CAGE, Consortium for the Architecture of Gene Expression; GTEx, genotype tissue expression; GEUVADIS, Genetic European in Health and Disease; ALSPAC, Avon Longitudinal Study of Parents and Children; MuTHER, Multiple tissue Human expression resource; PEC, PsychENCODE; DGN, Depression Genes and Networks study.
*462 samples in eQTL discovery.
**eQTL analysis is a subset of donors from GTEx, BrainSpan, CommonMind, CommonMind-HBCC, BrainGVEX, Lieberman schizophrenia control, BipSeq, UCLA-ASD, and Yale-ASD studies.
***Effective sample size of eQTL meta-analysis based on a subset of donors from GTEx brain, CMC, and ROSMAP.

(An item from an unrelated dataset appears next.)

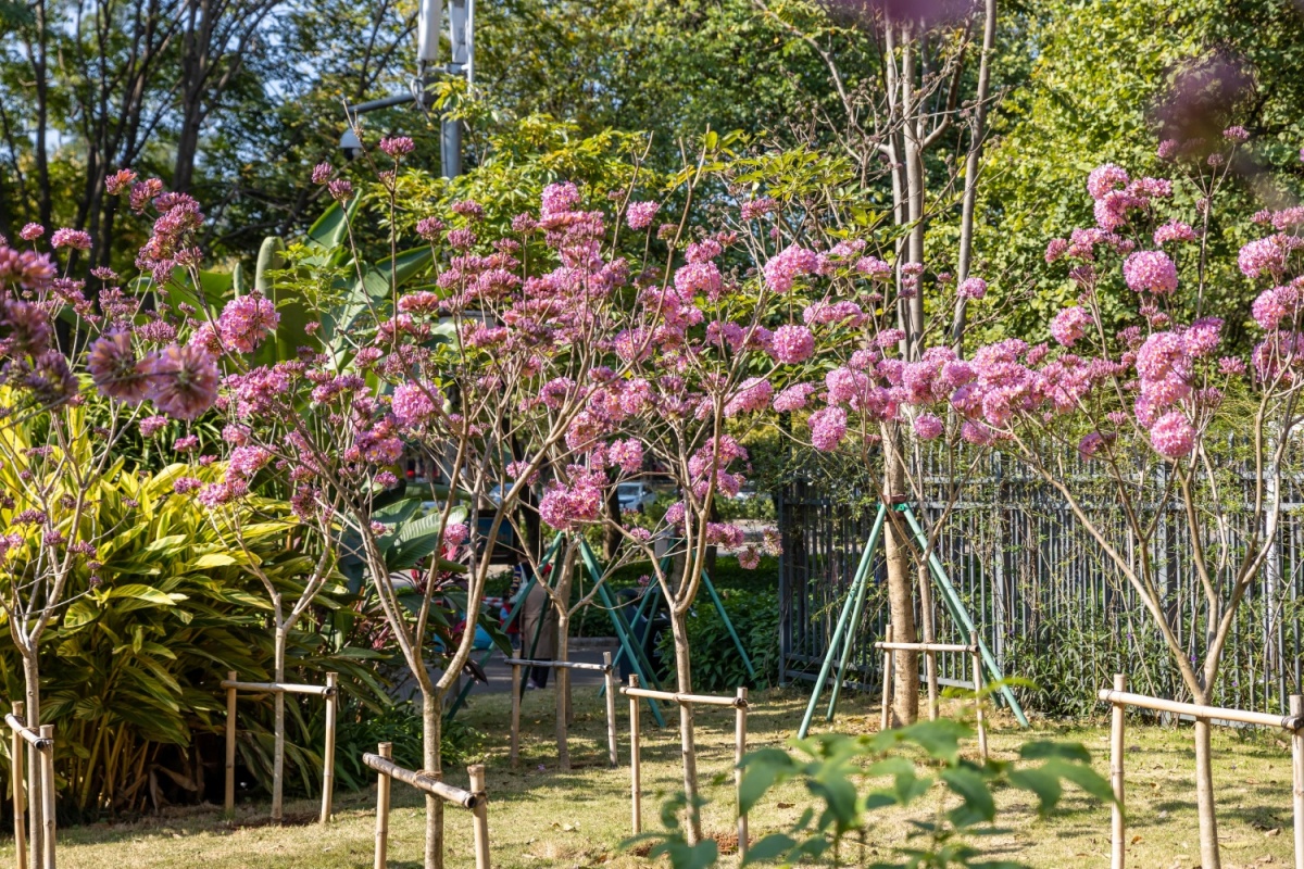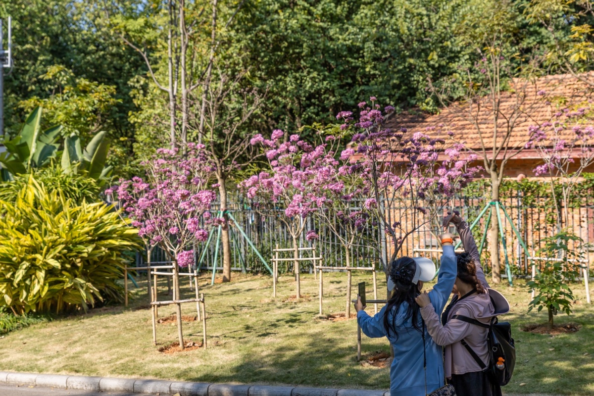 近日,柳州動物園的紫花風鈴木已鑽出一抹抹嬌嫩的粉紫色,為冬日畫卷增添一抹浪漫。遠遠望去,花朵在枝頭初綻笑顏,不見綠葉,唯有滿冠的粉紫。走近細看,簇簇花朵似風鈴似繡球,又如同小喇叭,團團相擁。

Reference transcriptome biorepositories have large data on both genotype and the transcript-level measurements from the postmortem tissue donors.
Reference transcriptome biorepositories have large data on both genotype and the transcript-level measurements from the postmortem tissue donors.
Among various repositories, the most comprehensive is GTEx [8]. In version 8, GTEx contains data from 52 different human tissues and 2 cell lines from 948 individuals. Among all, 67.15% of these individuals are female, 84.6% are of European and 12.9% are of African ancestry [8, 72‒74]. Genotype data were obtained from 838 subjects. Other relatively larger eQTL repositories are PsychENCODE [60], eQTLGen [21], CAGE [66], Geuvadis [7], ALSPAC [67], MuTHER [68], DGN (case-control study) [70] and a meta-analysis of brain tissue eQTLs (Brain-eMeta) [71].
PsychENCODE combines data from participating research groups under one data repository for ease of data sharing [60, 69]. Their web portal includes RNA sequencing data from postmortem bulk brain tissue and single cells, as well as genotype data.
eQTLgen is the largest meta-analysis of 37 (peripheral) blood eQTL studies [21]. Cis-eQTL detection yielded 16,987 eGenes, which were replicated in an independent eQTL mapping study on single cells from whole blood (monocytes, natural killer cells, CD8+ T cells, and lymphocytes). The majority of cis-eQTL (92%) were not distant (<100 KB) from the transcription start or end site of eGenes. Some of the more distal cis-eQTLs were located in Hi-C regions.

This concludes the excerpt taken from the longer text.